--- Information shown ---
####
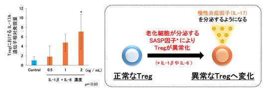 次に、異常な制御性T細胞(Treg)から分泌されるIL-17について詳細に解析した結果、IL-17がマクロファージによる老化細胞の除去機能に影響を及ぼすことが明らかになりました。
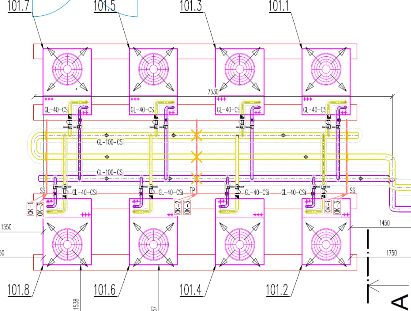 Obr. Tepelná čerpadla jsou instalována ve dvou řadách. Venkovní vzduch je nasáván z čela a pro průchodu tepelným čerpadlem vyfukován směrem vzhůru.
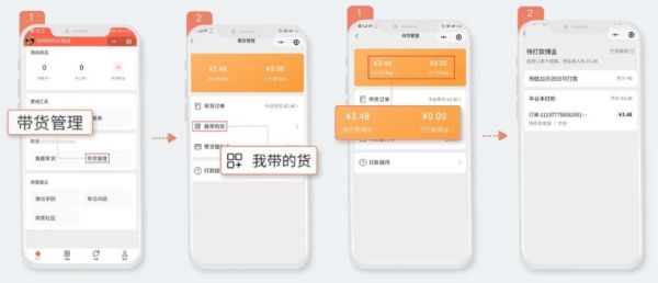 添加完成后,用户在“带货管理”界面查看带货数据和佣金到账情况。
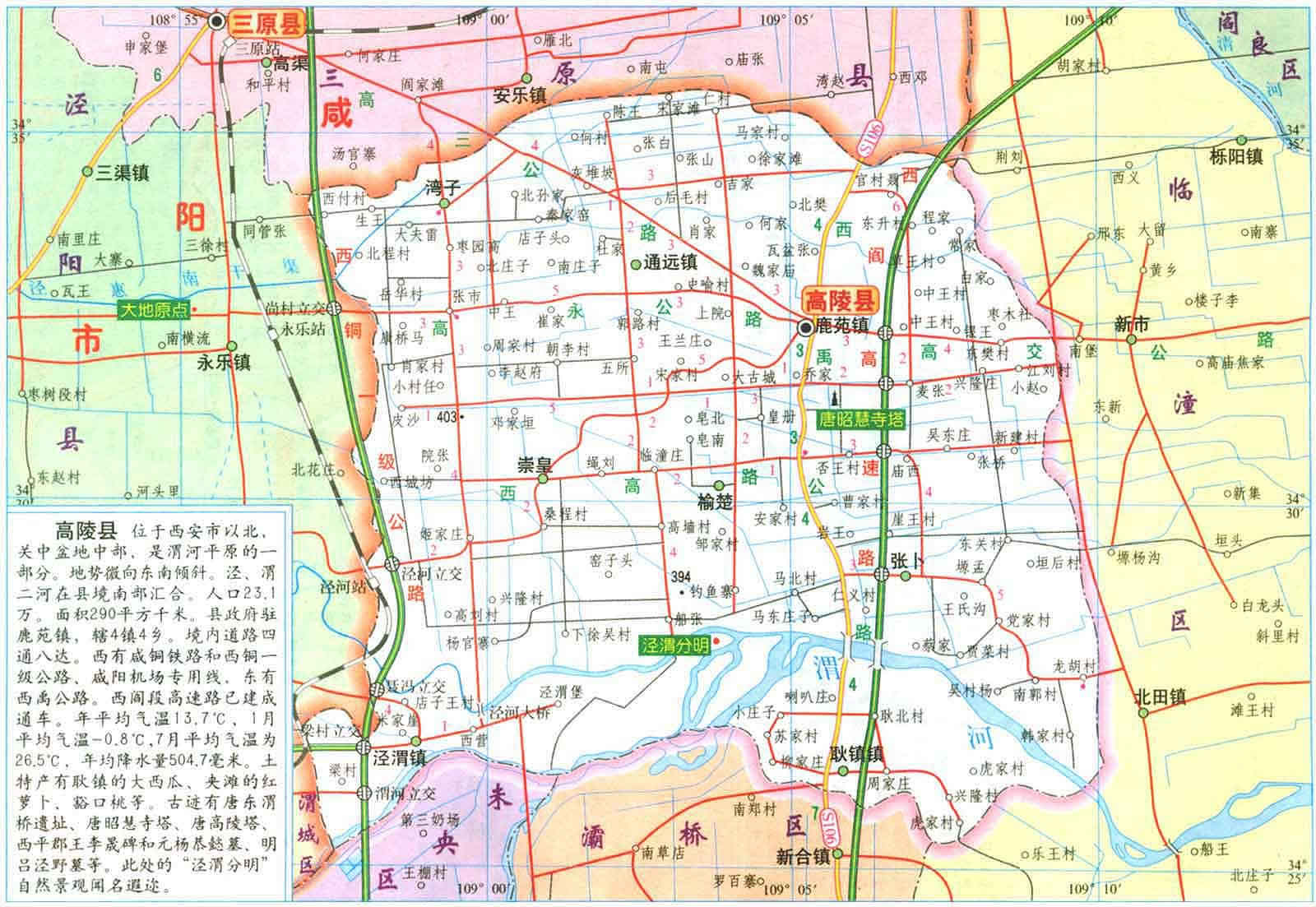 高陵縣地勢(shì)平坦,土壤肥沃,人稱(chēng)關(guān)中的“白菜心”。東靠臨潼區(qū),南接未央、灞橋區(qū),西連咸陽(yáng)渭城區(qū)、三原縣、涇陽(yáng)縣,北臨閻良區(qū),屬西安市近郊縣,距西安市中心僅20公里,距咸陽(yáng)國(guó)際機(jī)場(chǎng)10公里。涇渭二水橫貫東西,西禹、西銅高速公路、210國(guó)道及西延鐵路橫貫?zāi)媳保瑳芎踊疖?chē)站位于其中。“五區(qū)、二水、四線”已緊密地把高陵縣與西安市融為一體。
####
Please set down the data above exactly as given, leaving every picture out.

 次に、異常な制御性T細胞(Treg)から分泌されるIL-17について詳細に解析した結果、IL-17がマクロファージによる老化細胞の除去機能に影響を及ぼすことが明らかになりました。
 Obr. Tepelná čerpadla jsou instalována ve dvou řadách. Venkovní vzduch je nasáván z čela a pro průchodu tepelným čerpadlem vyfukován směrem vzhůru.
 添加完成后,用户在“带货管理”界面查看带货数据和佣金到账情况。
 高陵縣地勢(shì)平坦,土壤肥沃,人稱(chēng)關(guān)中的“白菜心”。東靠臨潼區(qū),南接未央、灞橋區(qū),西連咸陽(yáng)渭城區(qū)、三原縣、涇陽(yáng)縣,北臨閻良區(qū),屬西安市近郊縣,距西安市中心僅20公里,距咸陽(yáng)國(guó)際機(jī)場(chǎng)10公里。涇渭二水橫貫東西,西禹、西銅高速公路、210國(guó)道及西延鐵路橫貫?zāi)媳保瑳芎踊疖?chē)站位于其中。“五區(qū)、二水、四線”已緊密地把高陵縣與西安市融為一體。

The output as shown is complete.